Spritze. Ich warte auf die Spritze. Die Bilder vom Emery zeigen mir so etwas wie eine Geröllhalde. Die Wirbel sind z.T. eingedrückt, die Bandscheiben gequetscht. Der Druck auf die Nerven nahm zu. Am Morgen konnte ich in den letzten Tagen fast nicht mehr stehen und gehen. Bis übermorgen sollte die Blutverdünnung so weit reduziert sein, dass eine Spritze gewagt werden kann. Tabletten und Tropfen halfen in der Zwischenzeit die Schmerzen zu reduzieren. Gut, dass es diese Mittel gibt und auch die erwartete Spritze in den Rücken. Die Sicht beim Röntgen ermöglicht eine genaue Platzierung. Der Rotkreuz-Fahrdienst wird mich ins Röntgeninstitut bringen. Dafür und für alle Hilfe bin ich sehr dankbar. Einschränkungen und Schmerzen zu ertragen fällt nicht leicht. Nun bin ich froh, bald eine Erleichterung erfahren zu dürfen. Wozu? Klar, zur Linderung der Schmerzen. Aber weiter gefasst, zum positiven Erleben des Lebens. Und doch ist das nicht alles.
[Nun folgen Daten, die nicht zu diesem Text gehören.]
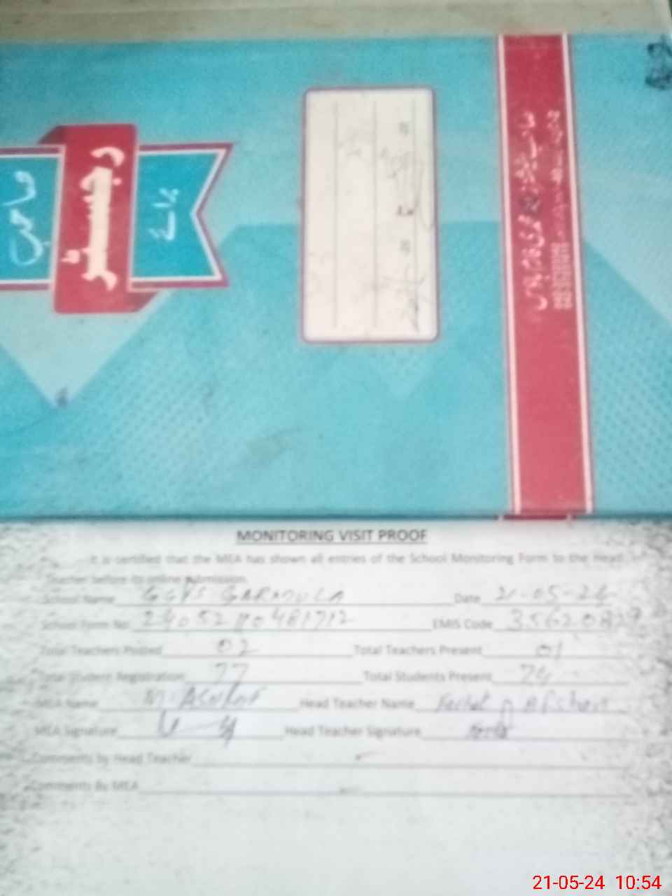 | Attendance Register | Head Teacher | MEA with School | Visit Proof |

J. Ratzenböck sagte: „Der Sinn meines Lebens ist der Nächste“ - der Mitmensch, für den ich da bin, ja, gerne da bin.

Sonntag, 16. August 2020

Zeit - oder Verlust


Zeit - „Das Wertvollste im Leben ist die Zeit,“ notierte Bruce Lee. Ich stimme ihm weitgehend zu. Zeit ‚haben’ ist ein wertvolles Vermögen. Zeit mit guten Gegenübern teilen - vervielfacht die Zeit und ihren Wert. Verlorene Zeit ist das Gegenteil von gewonnener Zeit. Nun ist es nicht die Zeit an sich, nicht die Viertelstunde, gemessen mit der Uhr, nicht der Tag der Agenda, der Wert liegt im Inhalt der Zeit. Es sind die guten Erlebnisse, nicht mit Gold aufzuwiegenden Gespräche, die gemeinsame Arbeit, sie zeigen den Wert erlebter Zeit. Eine Bekannte wünschte sich zum Geburtstag „Zeit“, die miteinander erlebt werden darf.  War sie einsam? Erlebte sie, dass eine grosse Zahl von Leuten keine Garantie bedeuten für „das Wertvollste im Leben“. Zeit haben füreinander und miteinander macht die Zeit wertvoll. Natürlich kann auch die andere Dimension zum Wertvollsten führen: die stille Zeit, Zeit mit sich selber und - wie dieser Ausdruck auch verwendet wird - die Zeit mit Gott. Ein Gelehrter suchte eines Nachts Zeit bei Jesus zu verbringen. Er suchte das Gespräch mit ihm und er fand - das Wertvollste. Quelle: Johannes 3. Zeit - heute - für...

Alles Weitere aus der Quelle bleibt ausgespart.